Riprendiamo da SHALOM online l'analisi di Ugo Volli dal titolo "Perché si ricomincia a parlare di trattative con Hamas".
Israele vince sul campo ma non basta
Dopo nove mesi di guerra, Israele ha ormai il controllo di tutta la Striscia di Gaza. Questo non vuol dire che occupi tutta Gaza continuamente: le truppe israeliane sono presenti sul 20% circa del territorio, ma sono in grado senza problemi di entrare dove si riscontra un’attività terroristica. In una guerra normale ciò avrebbe comportato da tempo la vittoria, ma in questo caso non è così. Hamas e gli altri gruppi terroristici hanno ancora risorse importanti dalla loro parte e le usano bene. Ecco le principali: 1. Controllano ancora tutte le fortificazioni sotterranee che non sono state scoperte e distrutte, con le armi e le truppe che vi hanno accumulato e la possibilità di usarle per agguati alle spalle degli israeliani. 2. Godono dell’appoggio di buona parte della popolazione di Gaza (e anche degli arabi di Giudea e Samaria) e sono in grado di reprimere violentemente le sporadiche manifestazioni di insofferenza che vi si manifestano (ma che non sono mai diventate opposizione politica vera e propria). 3. Sono appoggiati militarmente e logisticamente da uno schieramento vicino (Iran e i suoi satelliti Hezbollah, Houti, sciiti iracheni, Qatar) e lontano (Turchia, Russia, Cina – a questo proposito bisogna dire che non è mai stata smentita la notizia di cui pochi parlano che nei tunnel di Hamas Israele ha catturato e prontamente riconsegnato al loro stato due ingegneri militari cinesi). 4. Sono appoggiati dalla burocrazia internazionale delle corti di giustizia e delle commissioni dei diritti umani dell’Onu. 5. Hanno sponde politiche in buona parte dell’Occidente, in particolare fra i democratici americani, la sinistra europea inclusi i vincitori delle recenti elezioni in Francia e Gran Bretagna. 6. Detengono ancora molte decine di rapiti israeliani che i servizi di informazione non sono stati in grado di localizzare, come non hanno potuto individuare i capi più importanti di Hamas.

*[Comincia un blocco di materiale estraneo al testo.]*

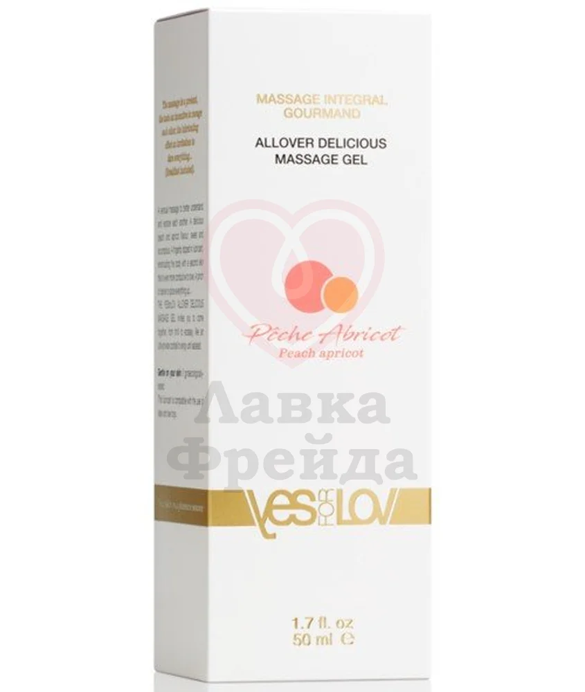 Гель-лубрикант YESforLOV Allover Delicious Massage Gel с ароматом и вкусом персика и абрикоса — универсальный ароматный продукт для классического секса и чувственного массажа. Имеет три варианта использования:

Perché Israele accetta la trattativa
Gli ultimi due punti sono decisivi per la strategia israeliana verso Gaza. Israele potrebbe in teoria continuare per tutto il tempo certamente lungo necessario a distruggere completamente l’apparato militare terrorista e per quello ancora maggiore per eliminare il controllo politico di Hamas sulla popolazione. Il fronte del nord resterebbe caldo, ma è chiaro che Iran e Hezbollah non hanno interesse per il momento a una guerra vera e propria. In Occidente però quasi tutti ormai vogliono un cessate il fuoco che chiuda (o piuttosto lasci in sospeso) in un modo o nell’altro la guerra fra Israele e Hamas: prima di tutti gli Stati Uniti, che hanno già mostrato di voler usare le potenti armi di pressione di cui dispongono, innanzitutto i rifornimenti militari necessari a Israele che da tempo rallentano pericolosamente e i voti al consiglio di sicurezza dell’Onu. Inoltre, il tentativo di ottenere la liberazione dei rapiti per via di scambio, dato che non si riesce a salvarli con le armi, è sia un imperativo morale da tutti sentito in Israele; sia una necessità per i rapporti internazionali di Israele; sia la posta in gioco di una pericolosa lotta politica interna per eliminare il governo Netanyahu che si sta ripresentando tanto in piazza che nelle burocrazie statali, inclusa la magistratura e lo stato maggiore.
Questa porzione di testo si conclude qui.